For a single book that has multiple formats, you'll be asked which format to clean before anything happens.
There's also a Preview Language Changes option in the button's dropdown menu. This does a dry run on the first selected book and shows you a colour-coded diff of every change that would be made — red for the original text, green for the replacement — without touching the file.
After cleaning, the job log (Jobs → Show job details) lists every individual replacement that was made, grouped by file, so you can review exactly what changed.
Open the config dialog via the button's dropdown menu → Configure…, or Preferences → Plugins → Language Cleaner → Customize.
Replacement Options are grouped by category:
- Replace d*** variants — d*mn and all its variants.
- Replace b**** variants — b*tch and all its variants.
- Replace s*** variants — sh*t and all its variants.
- Replace f*** variants — the f-bomb and all its variants.
- Replace h*** variants — h*ll and all its variants.
The word "*ss" has two very different meanings. You can choose whether to replace it at all, and how to handle the ambiguous standalone case:
- Replace *ss / *rse (standalone and compound words) — Global replacement setting. Compound words (sm*rt-*ss, j*ck*ss, k*ss-*ss, etc.) are always replaced regardless of the mode setting.
- Standalone "*ss" / "*rse" means: choose
- auto-detect: this is default, try to guess mode based on book content
- insult (Tom Clancy style): assume the word is used as an insult
- donkey (C.S. Lewis style): assume the word is describing a donkey
- Replace uses of God / Jesus / Christ — Global replacement setting. Do contextual replacements (e.g. "Thank God", "My God!", "For God's sake").
- Exclamatory "Lord" usage — The word "God" appears in both reverent and purely exclamatory contexts. Choose
- auto-detect: this is default, try to guess mode based on book content
- always exclamatory (Tom Clancy style): assume usual vain use of God
- always reverential (C.S. Lewis style): assume respectful use of God
- Replace ALL occurrences of "God" and "Christ" — Warning: this is turns off contextual smarts and just replaces every occurance — catches narration, theology, character names, etc. Off by default.
- Replace crude language — Body-part references, bathroom humour, and crude compound words (cr*p, d*ck, b*stard, etc.)
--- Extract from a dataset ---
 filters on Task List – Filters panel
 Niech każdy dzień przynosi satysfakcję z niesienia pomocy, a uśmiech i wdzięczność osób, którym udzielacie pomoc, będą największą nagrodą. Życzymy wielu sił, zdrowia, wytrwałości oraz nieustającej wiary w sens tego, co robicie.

- Replace racial / ethnic slurs — Common offensive slurs; on by default.
If you want a pretty thorough list of the changes the plugin will make, you could look at test_cleaner.py — it is a test suite of changes that should be made.
Add your own find/replace pairs to the table. The Find column supports Python regular expressions (e.g. \bword\b), and Replace can use backreferences (e.g. \1). Uncheck Regex to match text literally. Case sensitivity is controlled per-row. There's a live tester at the bottom — type some text, click Test, and see the result immediately.
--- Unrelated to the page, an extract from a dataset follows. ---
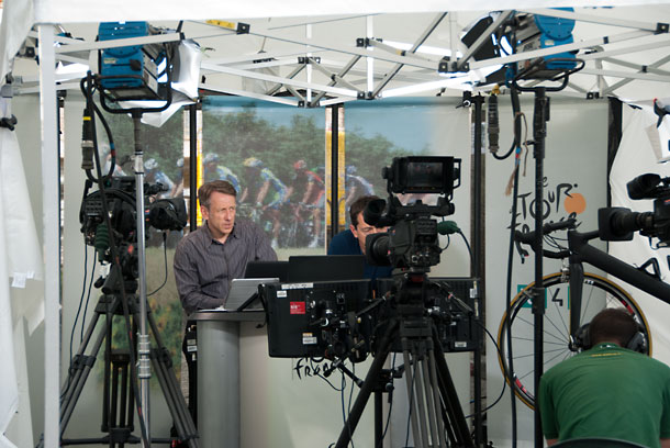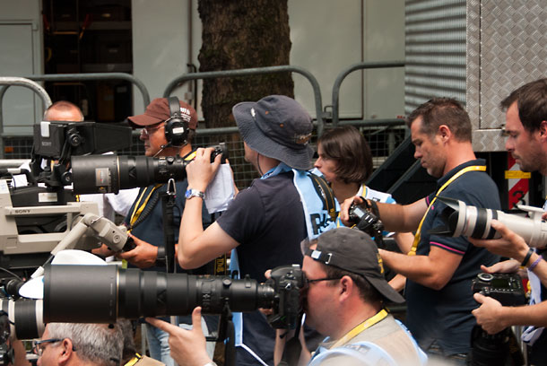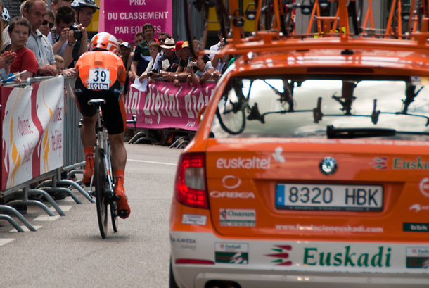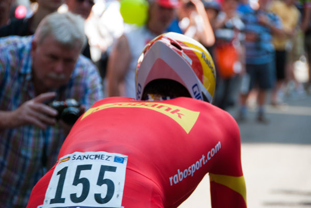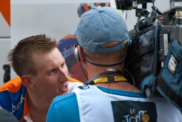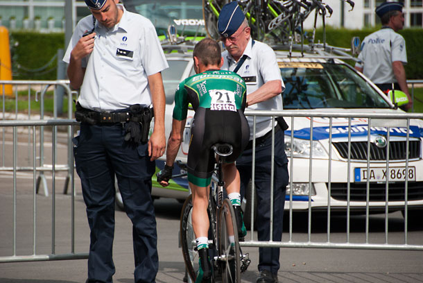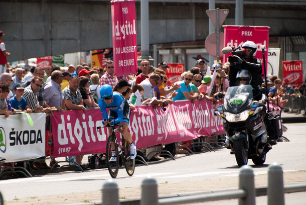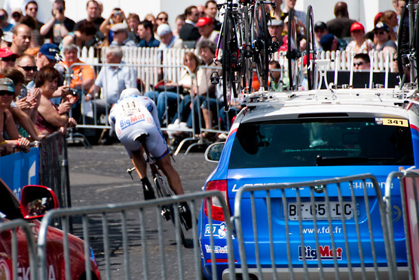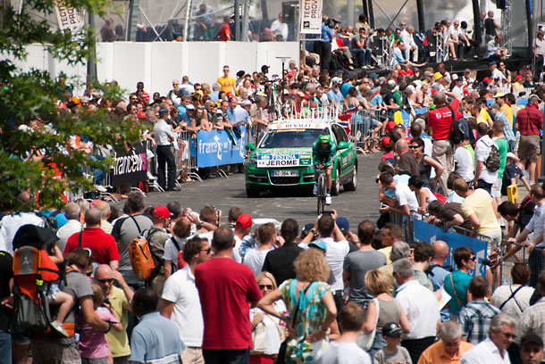 Deze keer was het de eer aan Luik om de proloog te mogen organiseren. Lekker weer en slechte organisatie wat betreft parkeren (maar dat is uiteindelijk goed gekomen). Wie waren er allemaal? Nou eigenlijk iedereen die maar iets met wielrennen te maken heeft. Het was dus lekker druk. Mocht je trouwens nog nooit bij een start van de Tour te zijn geweest, het is een aanrader. Je ziet er van alles, van Mart Smeets die de hele dag aan een tafeltje staat te wachten tot alle renners voorbij zijn tot Cavandish die zijn vrouw en baby een liefdevolle kus geeft, tot aan grappige mensen en allerlei renners.

- Create backup of original file — Saves the pre-cleaned version as ORIGINAL_EPUB (or ORIGINAL_AZW3, etc.) inside the library entry. On by default. You can restore it any time via right-click → Restore in the Book Details panel.
- Show confirmation dialog before cleaning — On by default; uncheck if you clean books frequently and find it annoying.
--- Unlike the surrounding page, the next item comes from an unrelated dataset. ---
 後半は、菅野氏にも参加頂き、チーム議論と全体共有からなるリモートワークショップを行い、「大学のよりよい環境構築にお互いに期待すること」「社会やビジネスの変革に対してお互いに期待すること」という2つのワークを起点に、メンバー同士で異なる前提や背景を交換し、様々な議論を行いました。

- Mute plugin setup instructions — Stops the plugin from reminding you about toolbar setup on launch.
- Write change logs to directory — Writes plain-text before/after copies of the book's content to a folder of your choice. Off by default. Handy if you want to diff versions yourself; I use WinMerge for that.
The books on your Kindle that you have loaded from Amazon's cloud are "protected" by "DRM", or digital rights management. It's not a very good protection though and you might find a way to extract them if you Google "DeDRM". The legality of using such a solution is something I cannot help you with.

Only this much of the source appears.